GOAL OF THE EXERCISE —
Begin at the line below that holds "Abundant in North" and end at the line that holds "ISLAMABAD: Female visitors", transcribing each line exactly and skipping any picture.
────────────────
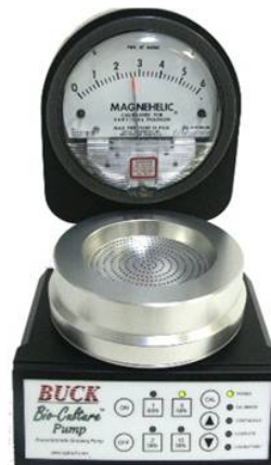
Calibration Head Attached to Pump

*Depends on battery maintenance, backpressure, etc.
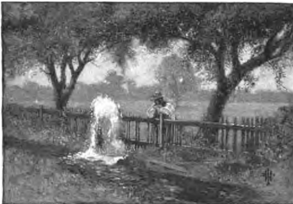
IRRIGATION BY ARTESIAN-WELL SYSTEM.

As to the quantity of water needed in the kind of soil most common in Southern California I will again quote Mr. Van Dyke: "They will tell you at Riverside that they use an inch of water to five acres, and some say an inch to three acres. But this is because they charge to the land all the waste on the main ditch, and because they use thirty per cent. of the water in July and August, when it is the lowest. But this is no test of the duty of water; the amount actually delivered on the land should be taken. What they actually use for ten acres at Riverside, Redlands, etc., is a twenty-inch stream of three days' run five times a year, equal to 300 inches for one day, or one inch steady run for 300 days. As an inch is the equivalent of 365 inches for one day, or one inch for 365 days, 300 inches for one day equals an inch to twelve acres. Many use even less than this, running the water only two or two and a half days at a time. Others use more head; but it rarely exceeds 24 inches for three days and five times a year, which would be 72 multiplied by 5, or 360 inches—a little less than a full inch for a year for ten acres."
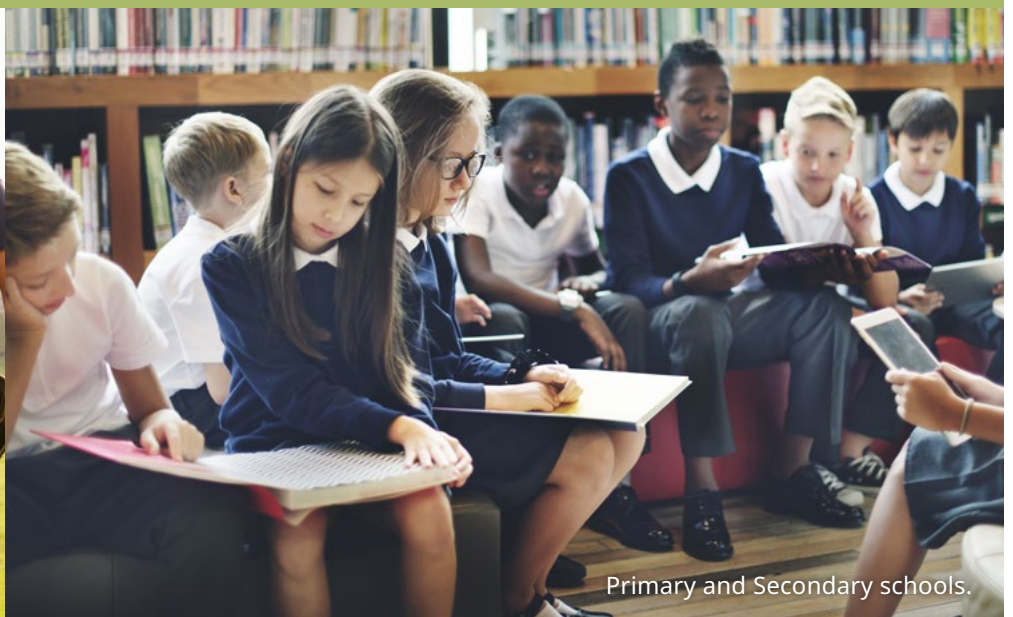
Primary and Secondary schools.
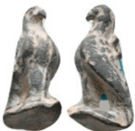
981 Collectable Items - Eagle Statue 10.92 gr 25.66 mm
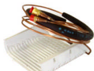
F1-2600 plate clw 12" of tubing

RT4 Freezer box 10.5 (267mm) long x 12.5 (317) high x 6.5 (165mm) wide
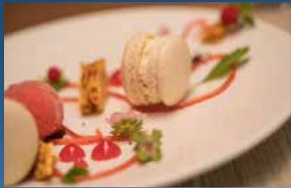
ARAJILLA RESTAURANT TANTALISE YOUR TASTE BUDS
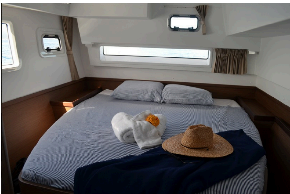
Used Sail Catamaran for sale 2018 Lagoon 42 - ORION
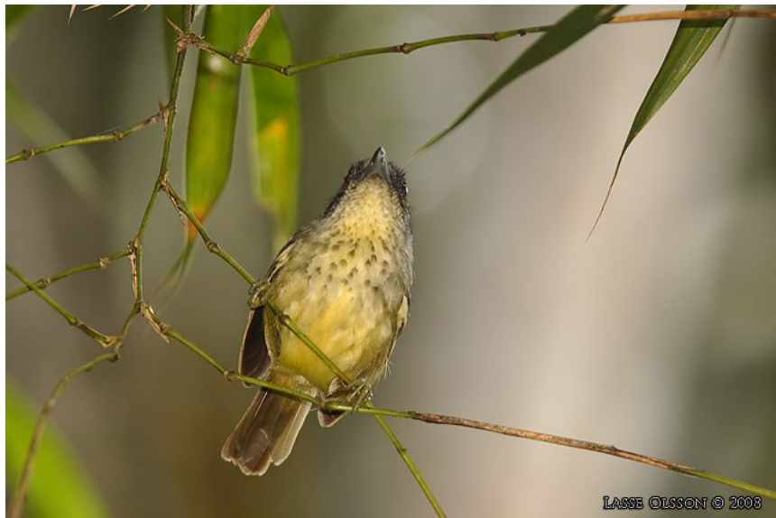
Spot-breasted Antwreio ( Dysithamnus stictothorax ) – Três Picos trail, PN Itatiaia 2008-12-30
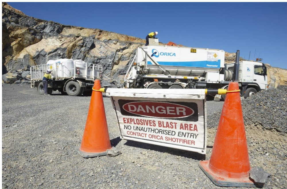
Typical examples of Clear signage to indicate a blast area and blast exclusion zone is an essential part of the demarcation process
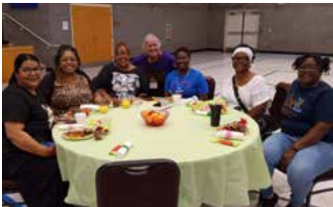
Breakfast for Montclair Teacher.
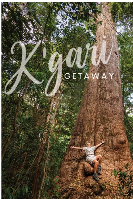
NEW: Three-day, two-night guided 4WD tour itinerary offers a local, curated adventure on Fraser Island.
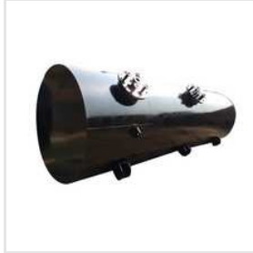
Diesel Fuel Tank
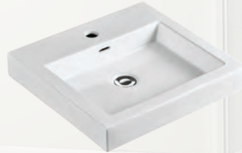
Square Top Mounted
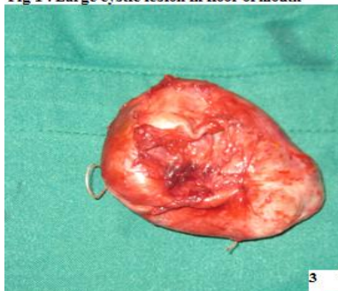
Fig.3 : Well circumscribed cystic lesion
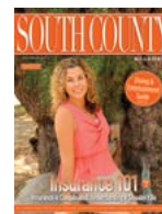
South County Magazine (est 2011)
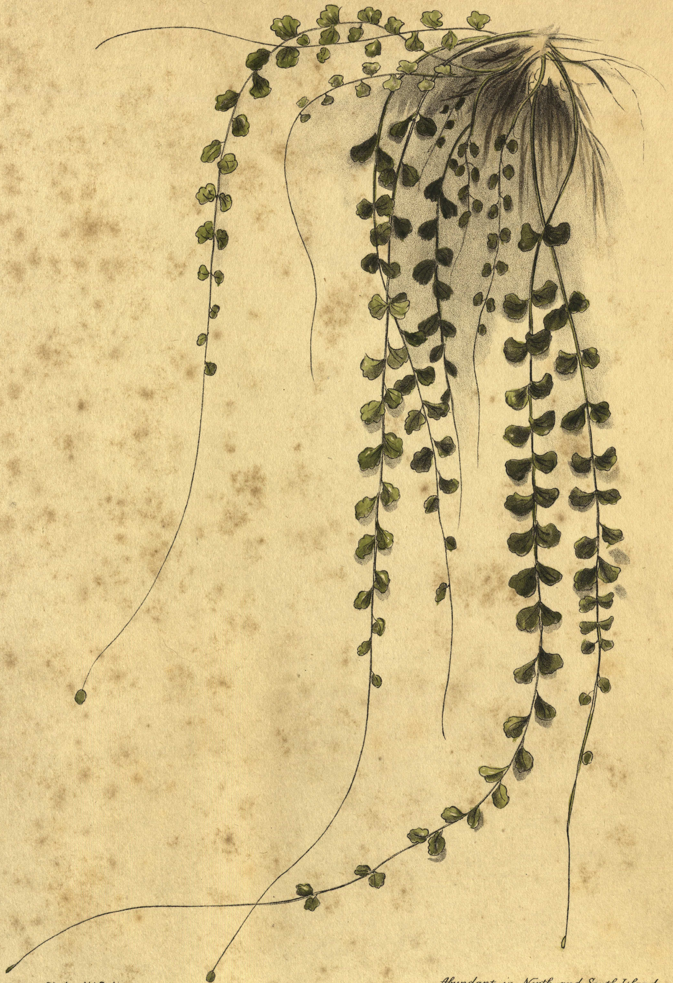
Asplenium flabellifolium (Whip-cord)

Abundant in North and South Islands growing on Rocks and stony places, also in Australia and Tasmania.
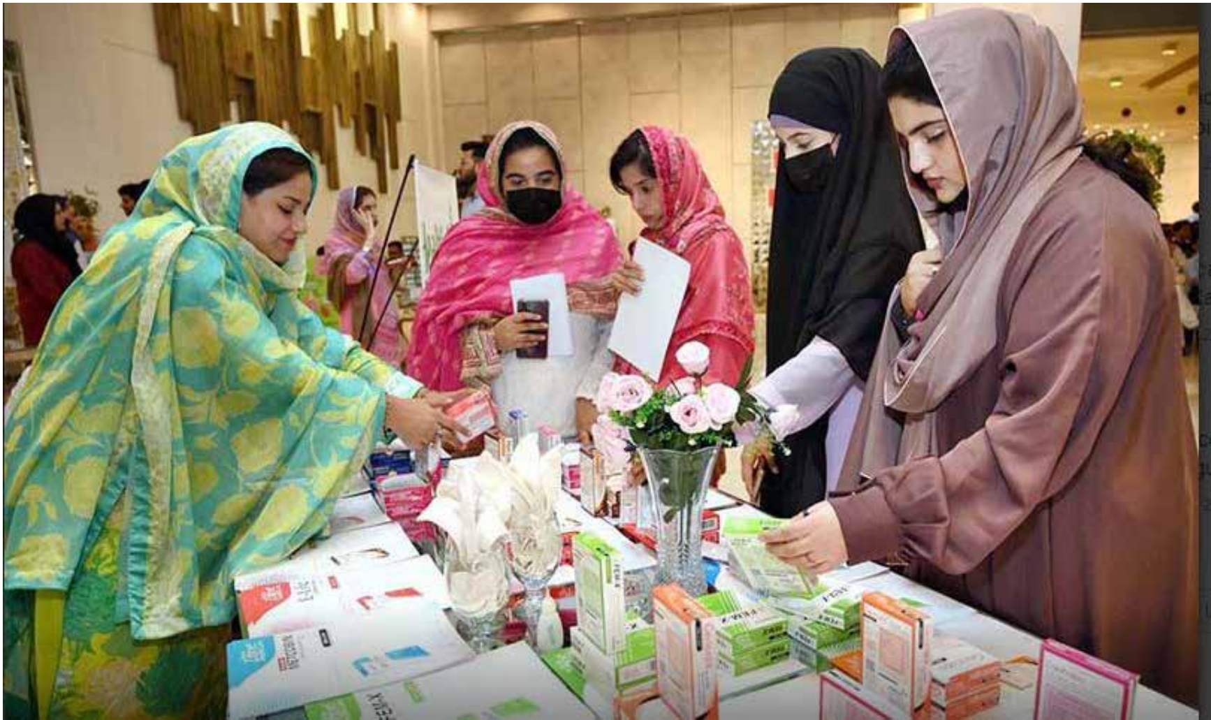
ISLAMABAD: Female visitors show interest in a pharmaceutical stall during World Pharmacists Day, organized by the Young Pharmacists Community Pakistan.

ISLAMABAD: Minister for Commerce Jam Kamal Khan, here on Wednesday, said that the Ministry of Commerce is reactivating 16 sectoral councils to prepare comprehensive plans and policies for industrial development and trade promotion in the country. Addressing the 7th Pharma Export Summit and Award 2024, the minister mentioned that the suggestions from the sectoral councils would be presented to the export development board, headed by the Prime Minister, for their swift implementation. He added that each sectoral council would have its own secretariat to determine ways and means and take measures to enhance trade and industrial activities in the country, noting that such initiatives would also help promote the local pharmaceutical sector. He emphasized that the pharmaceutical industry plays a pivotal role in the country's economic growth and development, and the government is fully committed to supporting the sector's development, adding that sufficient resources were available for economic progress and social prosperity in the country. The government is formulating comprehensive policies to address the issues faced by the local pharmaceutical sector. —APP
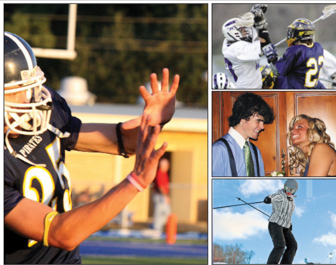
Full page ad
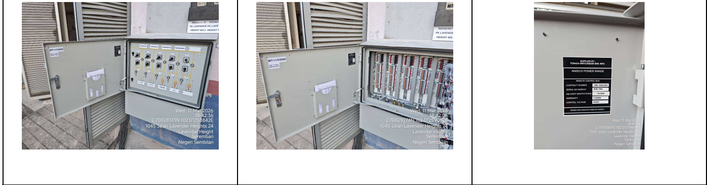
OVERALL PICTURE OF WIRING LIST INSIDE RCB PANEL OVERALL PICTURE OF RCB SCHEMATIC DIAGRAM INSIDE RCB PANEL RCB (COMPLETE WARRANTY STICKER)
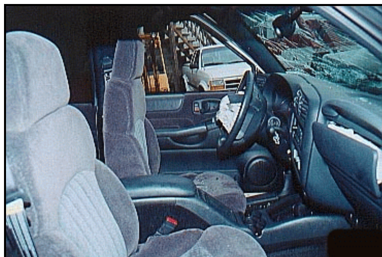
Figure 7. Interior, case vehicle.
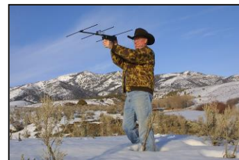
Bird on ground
────────────────
COMPLETED EXERCISE —
Abundant in North and South Islands growing on Rocks and stony places, also in Australia and Tasmania.
ISLAMABAD: Female visitors show interest in a pharmaceutical stall during World Pharmacists Day, organized by the Young Pharmacists Community Pakistan.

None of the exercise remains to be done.